_Exercise details_: Starting at the line that contains "IMAGEN REFERENCIAL: INSPECTORES DE TRANSPORTE" and stopping at the line that contains "今後も、7月10日(日)、8", transcribe every line of the material below exactly; pictures stay out.
------------------------------------
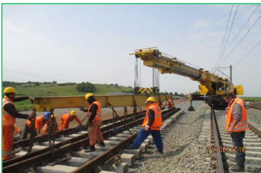
Blandiana, montare schimbător de cale cu inimă mobilă
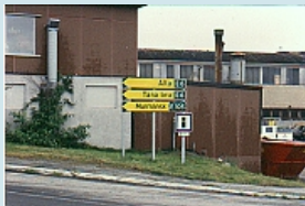
Wegweiser nach Russland - Kirkenes

Im Liegestuhl an Deck mit einem Buch oder nur die Landschaft genießen, relaxen an einer der gepflegten Bars, oder eine Wanderung rund ums Schiff, jeder kommt auf seine Rechnung.
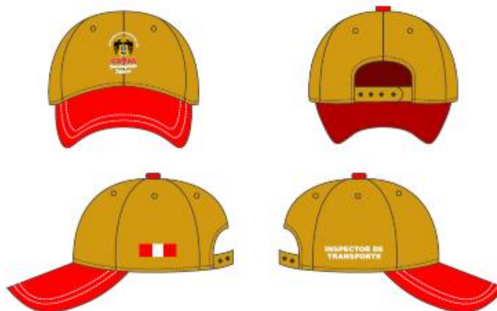
IMAGEN REFERENCIAL: INSPECTORES DE TRANSPORTE
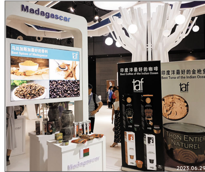
Ireo vokatra tsara sy mampalaza an'i Madagasikara.
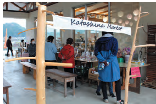
天候が良くなくても回廊にて出店できます

今後も、7月10日(日)、8月7日(日)と、11月までの毎月開催されます。地元の方々はもちろん、片品村を訪れるお客様も楽しめる空間づくりを目指していますので、村民の皆様のご来場をよろしくお祈りいたします。
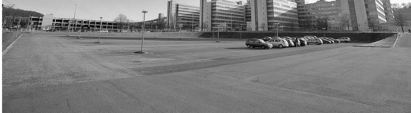
„Der größte ungenutzte Parkplatz Bielefelds“: Helmut Hruby und Frank Frick, von links, fragen sich, warum nicht wenig bis gar nicht genutzte Flächen direkt an der Uni für die Neubau-Visionen genutzt werden – wie der große Uni-Parkplatz (vorne).
------------------------------------
_Response to this exercise_:
IMAGEN REFERENCIAL: INSPECTORES DE TRANSPORTE
Ireo vokatra tsara sy mampalaza an'i Madagasikara.
天候が良くなくても回廊にて出店できます

今後も、7月10日(日)、8月7日(日)と、11月までの毎月開催されます。地元の方々はもちろん、片品村を訪れるお客様も楽しめる空間づくりを目指していますので、村民の皆様のご来場をよろしくお祈りいたします。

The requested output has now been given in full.